GROUND TRUTH ESTIMATION OF SPOKEN ENGLISH FLUENCY SCORE
In this paper, we propose ground truth estimation of spo-ken English fluency scores using decorrelation penalized low-rank matrix factorization. Automatic spoken English fluencyscoring is a general classification problem. The model param-eters are trained to map input fluency features to correspond-ing ground truth scores, and then used to predict a score for aninput utterance. Therefore, in order to estimate the model pa-rameters to predict scores reliably, correct ground truth scoresmust be provided as target outputs. However, it is not simpleto determine correct ground truth scores from human raters’scores, as these include subjective biases. Therefore, groundtruth scores are usually estimated from human raters’ scores,and two of the most common methods are averaging and vot-ing.Although these methods are used successfully, ques-tions remain about whether the methods effectively estimateground truth scores by considering human raters’ subjectivebiases and performance metric. Therefore, to address theseissues, we propose an approach based on low-rank matrix fac-torization penalized by decorrelation. The proposed methoddecomposes human raters’ scores to biases andlatentscoresmaximizing Pearson’s correlation. The effectiveness of theproposed approach was evaluated using human ratings of theKorean-Spoken English Corpus.https://speakinenglish.in/
Recently, Computer Aided Language Learning (CALL) hasreceived considerable attention as a method for improving theEnglish speaking skills of non-native students. In order forCALL systems to provide useful tutoring feedback, an auto-mated scoring system is required for evaluating pronunciationquality, fluency, and specific mistakes made by non-nativestudents.In general, the fluency scoring system is composed of au-tomatic speech recognition, fluency feature extraction, anda scoring model. In fluency feature extraction, features as-sumed to be highly correlated to spoken English fluency arecomputed [1, 2, 3]. For example, long silence duration, num-ber of words per second, and phone duration are some of themost common fluency features [1, 4]. The scoring model is aclassifier in which the model parameters are trained to map in-put fluency features to corresponding ground truth scores, andthen used to predict a score for an input utterance. The mostcommon algorithms for scoring models are linear regression, support vector machine (SVM) , or Gaussian process.Score modelling is a general supervised learning problem.Therefore, in order for the model to be trained reliably, correctground truth scores must be provided as target outputs. How-ever, it is not simple to obtain correct ground truth scores fromhuman raters’ scores as these include variability due to humanraters’ subjective biases. For example, each human expertmight assign different scores to the same utterances. Con-sequently, ground truth scores are estimated by neutralizinghuman raters’ subjective biases. The most common methodis averaging, which estimates ground truth scores by averag-ing the biased scores [6, 7, 8, 9]; Another is voting, which isbased on majority opinions .Although averaging and voting are successfully usedin practice, questions remain about whether they producereliable ground truth scores by considering human raters’biases and scoring model metric such as Pearson’s correla-tion. Therefore, we propose an estimation approach based ondecorrelation penalized low-rank matrix factorization to takeaccount of both human raters’ subjective bias and Pearson’scorrelation.
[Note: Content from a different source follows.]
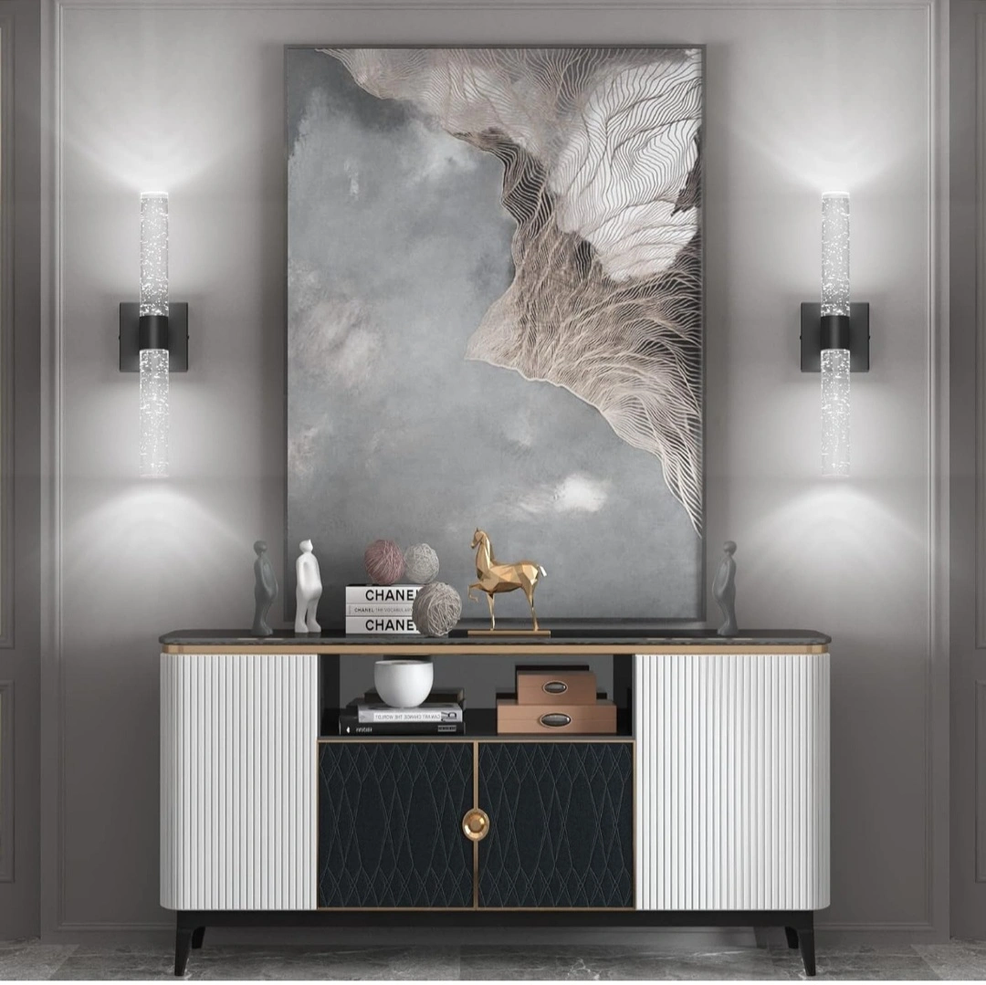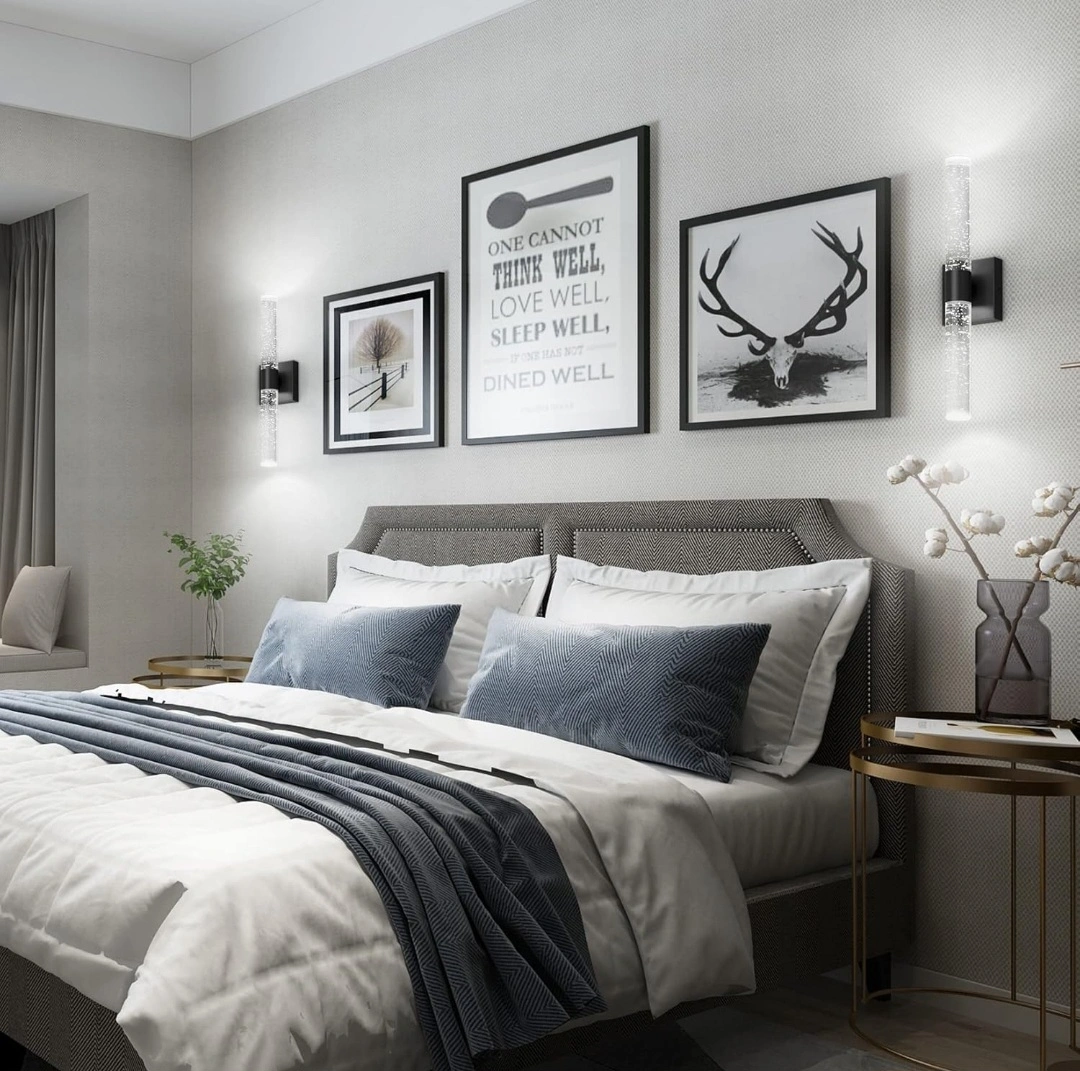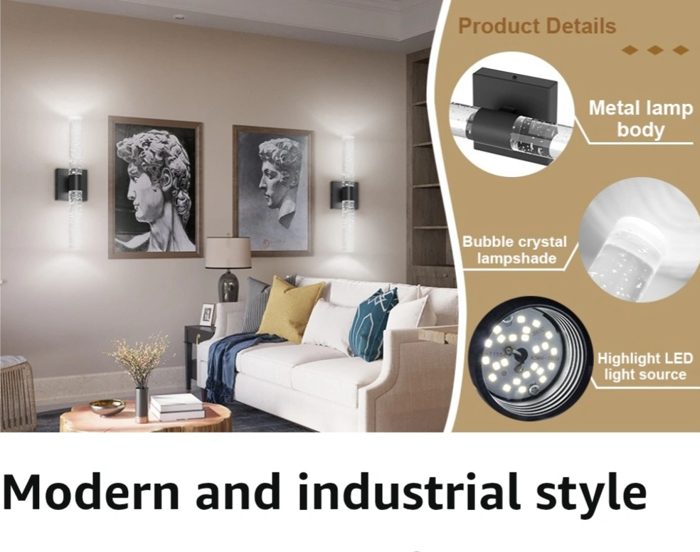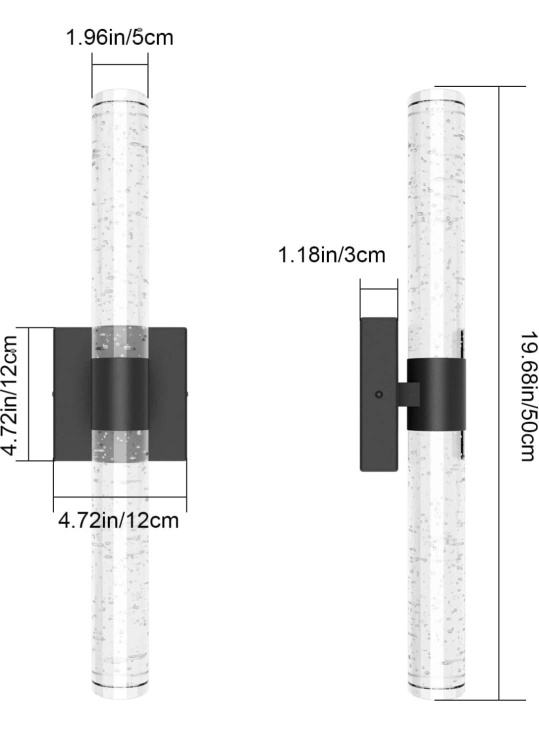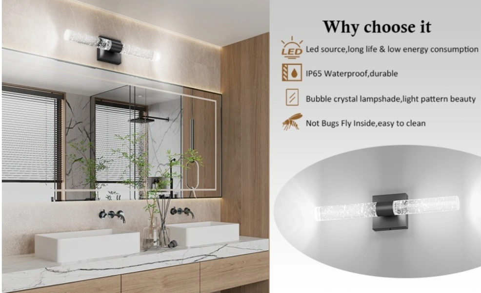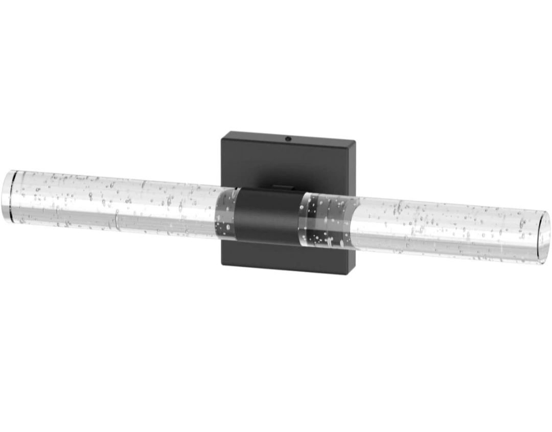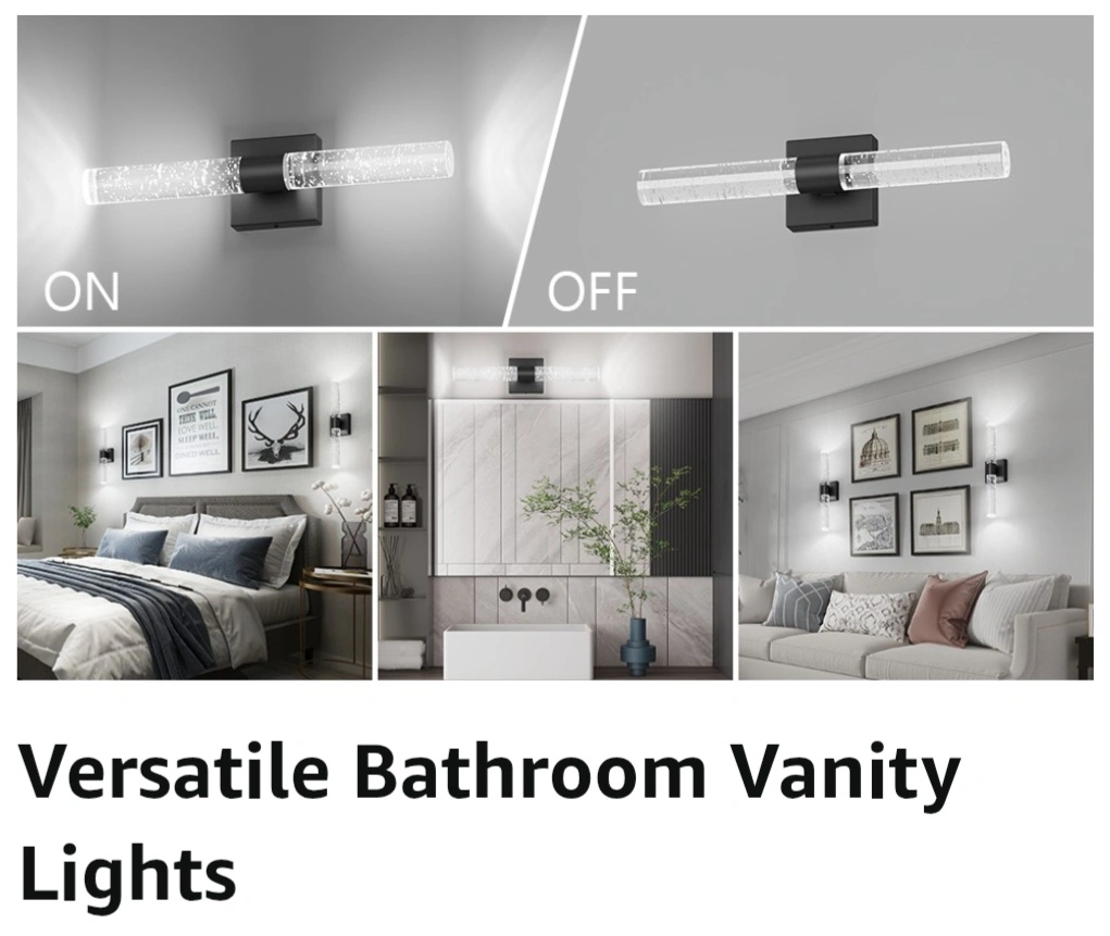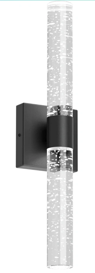 Sleek and stylish LED vanity lights. Perfect for bathrooms, bedrooms, or hallways. Features a clear bubble glass tube and black metal base. Easy installation. Adds a touch of elegance to any space.

In spoken English fluency scoring modelling, the ground truthestimation problem is sometimes overlooked because a scor-ing rubrics are designed and human raters are trained to main-tain high correlation among their scores. Nevertheless, thereexists disagreement among raters’ scores and a single scoremust be determined for an each input feature to train the com-putational scoring model such as DNN.